Thursday, October 25, 2012

World Building - Leave Room To Grow

As I am getting things ready for my Shadowrun game to launch I am getting to indulge in one of my favorite past times. Namely, world building. Now, there are a lot of jokes about world building being masturbatory - after all, while you're world building you are effectively just playing with yourself - but I've always found it to be an enjoyable and important exercise. That said though, and especially when prepping for a campaign, there is such a thing as too much world building. Today, I want to talk about why you want to leave room to grow.

Uncertainty Can Be Key
To be blunt, if everything in the world is defined than you lack uncertainty for things. If your players know that there are 4, and only 4, of something then you can't surprise them with the fifth. In fact, once they have all four - or have otherwise secured all four - they know that that particular quest line is done for now.

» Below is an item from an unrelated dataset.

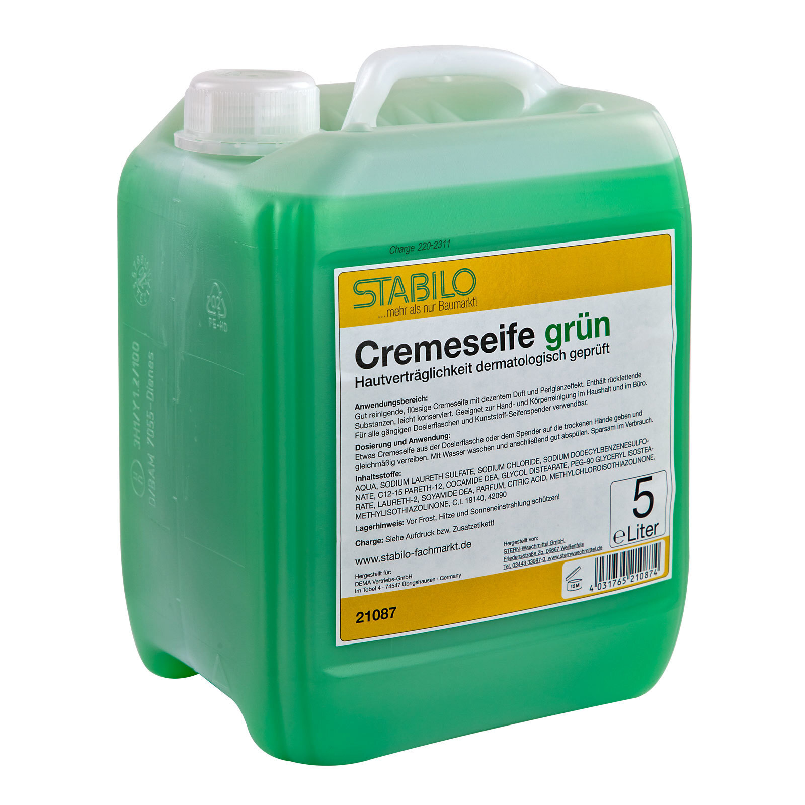 Original Stabilo Cremeseife grün 5 Liter Kanister. Gut reinigende, flüssige Cremeseife mit dezentem Duft und rückfetenden Substanzen. Ideal für Hand- und Körperreinigung im Haushalt und Büro. Sie ist für alle Spender und Dosierer, egal ob Kunststoff oder Metalltank verwendbar.

This isn't necessarily a bad thing, but it can be stifling and it can make things less fun than they otherwise might be.

Chafing
Everything you establish in your world is something that has to stay constant. If you establish that people pick their own names at age 13 at a coming of age ceremony, but before then have a name their parents gave them, then you need to have reasons for why those names were picked. Just why is that female warrior who uses heavy weapons named Flowers anyhow?

This is the leading cause to what I meant by stifling earlier. Everything you create exists in the world, and that means other things rub up against it. If you put down a police force then there is a force that enforces the laws. If you don't establish a police force, a state of anarchy and strong preying on the weak becomes a lot more credible. If you want both massive crime and strong policing then you need a reason for why they co-exist. Then you need a reason for why everything else co-exists with those things.

Winging It
As a Gm you want room to pull things out of the air. This requires a lack of chafing because for this you need space to pull whatever it is your pulling out. Leaving gaps for yourself to work with, or for other GMs to work with, lets them claim the world for themselves and their game.It also gives the players niches to grow into.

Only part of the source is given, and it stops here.